Sex and Parenthood – who is getting some, anyway?
If you talk to any new parent, most will report at least some change to their sex life after having kids, whether in "format", frequency or enjoyment. And understandably so, given the transformation that a new baby can have on a household.
Even those who have enjoyed a very active sex life prior to having children will inevitably notice a variation as two becomes three (or four, or five etc). At the very least, spare time and energy are low while sleep deprivation is high and that’s before we consider hormonal changes, women returning to work and a hundred other factors.
Some couples take this change in their stride, but many are left feeling disconnected from their partner and even worried about their relationship and what these changes mean.
According to research by the Gottman Institute who are considered one of the world leaders in relationships, two thirds of couples report a decline in relationship satisfaction in the first three years after the birth of a child. While sex is not the only element to determine relationship satisfaction, for many couples it is a significant aspect.
There are many factors that can impact how regularly a couple will have sex once they have a new baby – the physical recovery from pregnancy and labour, the physical demands of an infant, the lack of time together to name a few. Then there are the physical, mental and emotional changes a woman experiences in motherhood which can take time to process.
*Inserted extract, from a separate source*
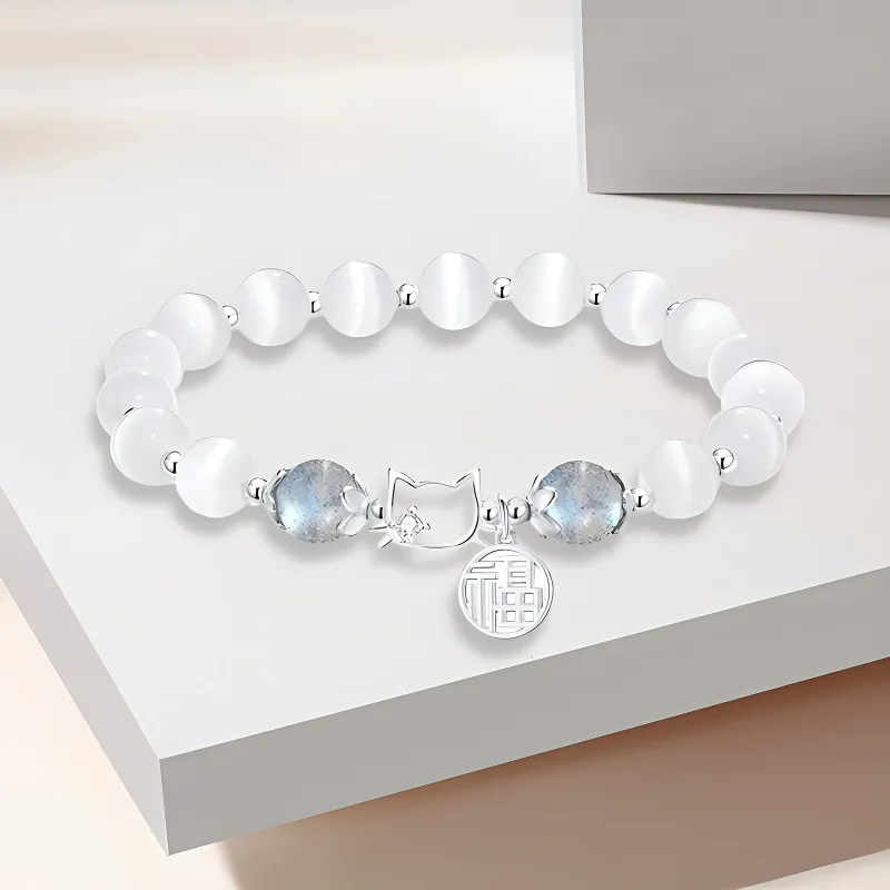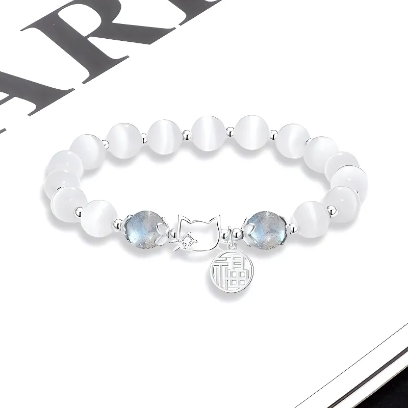 Стиль:Браслет с бусинами "Fortune Kitten" - белый

Sex may not be at the top of her priority list.
The good news is there are things you can do to work through these barriers.
1. Talk about it – before your baby arrives, if possible
Many antenatal classes recommend that couples discuss potential conflicts, including the impact on sexual intimacy which could arrive along with your baby. But if that ship has sailed, it is never too late to start talking and working to bridge the distance or work through the conflicts.
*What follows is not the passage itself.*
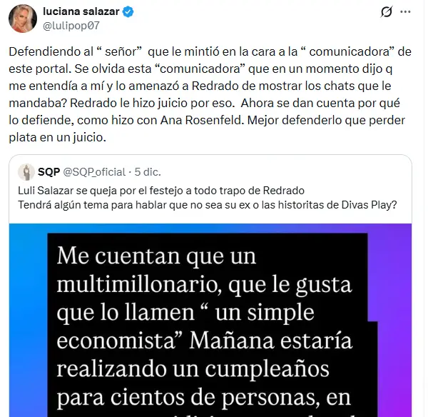 Todo se desató cuando desde la cuenta del programa de Yanina Latorre publicaron un mensaje que apuntaba directamente contra Salazar, en tono crítico y filoso: “Luli Salazar se queja por el festejo a todo trapo de Redrado. ¿Tendrá algún tema para hablar que no sea su ex o las historias de Divas Play?”.

2. Make time for each other, in and out of the house
Who has the energy for date night when you’ve been awake with a newborn half the night? Early nights and time to yourself can be far more appealing, but time together is one of the key ways to stay close on the sometimes bumpy ride of parenthood. One night a week or fortnight to turn the TV off, sit down for dinner together and talk - or better yet, line up a babysitter and go to your nearest restaurant for a couple of hours. The point is to give yourselves the space and time to talk about what’s on your mind and keep in tune with each other.
3. Just do it
Put the baby to sleep, skip dinner and get to the bedroom. Forget the tidying, the chores you want to get done, the prep for tomorrow – all of it can wait. Whatever will help you to relax - a glass of wine, dimming the lights, keeping your bra on - just do it. Get naked and reconnect physically.
4. Talk about it some more
It can be easy to assume everyone else at the same stage as you is having loads of sex, but that is unlikely. Open up to people you trust and you may find comfort in knowing you aren’t the only one experiencing these struggles. Share the load, ask advice, find out what’s working for others. Just don’t go it alone.
5. Get some help
Sometimes, we need some outside help to overcome some of the challenges associated with parenthood. If you’re feeling worried or anxious about sex or your relationship and think you might need some extra help, counselling is a great place to start.